PROBLEM TO WORK ON: Go to the line containing "Ігрова зона дослідника" in the material below. From there to the end, retype every line exactly and drop the pictures.

GIVEN RECORDS:
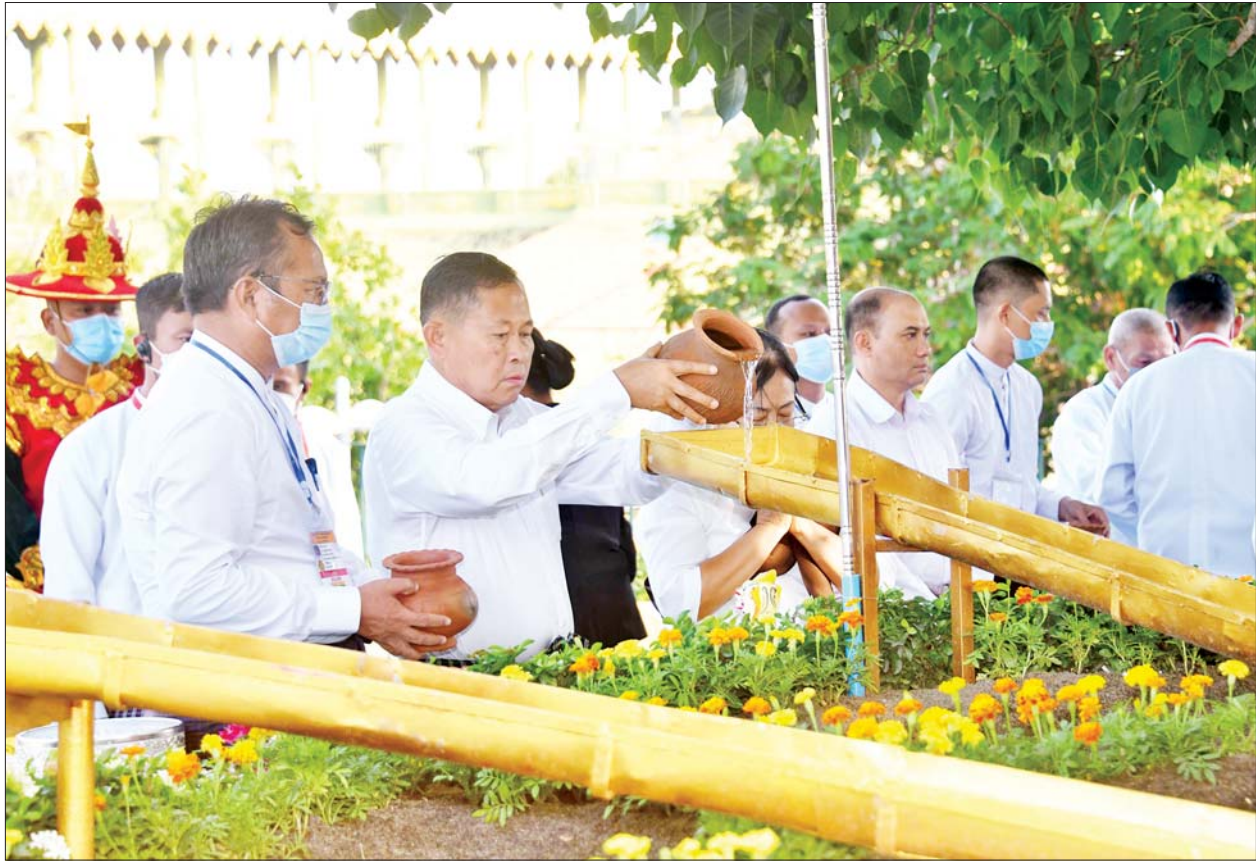
နိုင်ငံတော်စီမံအုပ်ချုပ်ရေးကောင်စီ ဒုတိယဥက္ကဋ္ဌ ဒုတိယဝန်ကြီးချုပ် ဒုတိယဗိုလ်ချုပ်မှူးကြီး စိုးဝင်းနှင့် ဇနီးဒေါ်သန်းသန်းနွယ်တို့ ဥပယုတသန္တိစေတီတော်မြတ်ကြီး ပရိဝုဏ်တော်အတွင်းရှိ မဟာဗောဓိညောင်ပင်အား ညောင်ရေသွန်းလောင်းပူဇော်စဉ်။

တက်ရောက် အခမ်းအနားသို့ နိုင်ငံတော်စီမံအုပ်ချုပ်ရေးကောင်စီ ဥက္ကဋ္ဌ နိုင်ငံတော်ဝန်ကြီးချုပ် ဗိုလ်ချုပ်
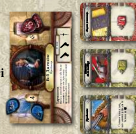
Ігрова зона дослідника
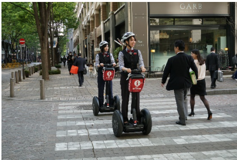
丸の内仲通り(公道)での「セグウェイ」の走行実証実験
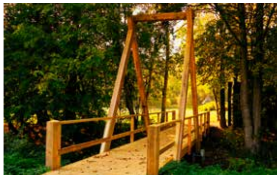
Bro over Stavisåen, som Ka´ Sællerne byggede.

Da Corona krisen ramte Danmark i 2020 og 21 havde Langesø Hallerne heldigvis en robust økonomi, så vi undgik at sende ubehagelige regninger til Langesø Hallernes brugere og lejere. Ikke alle Idrætscentre var så heldige.

RESULT OF THIS TASK:
Ігрова зона дослідника
丸の内仲通り(公道)での「セグウェイ」の走行実証実験
Bro over Stavisåen, som Ka´ Sællerne byggede.

Da Corona krisen ramte Danmark i 2020 og 21 havde Langesø Hallerne heldigvis en robust økonomi, så vi undgik at sende ubehagelige regninger til Langesø Hallernes brugere og lejere. Ikke alle Idrætscentre var så heldige.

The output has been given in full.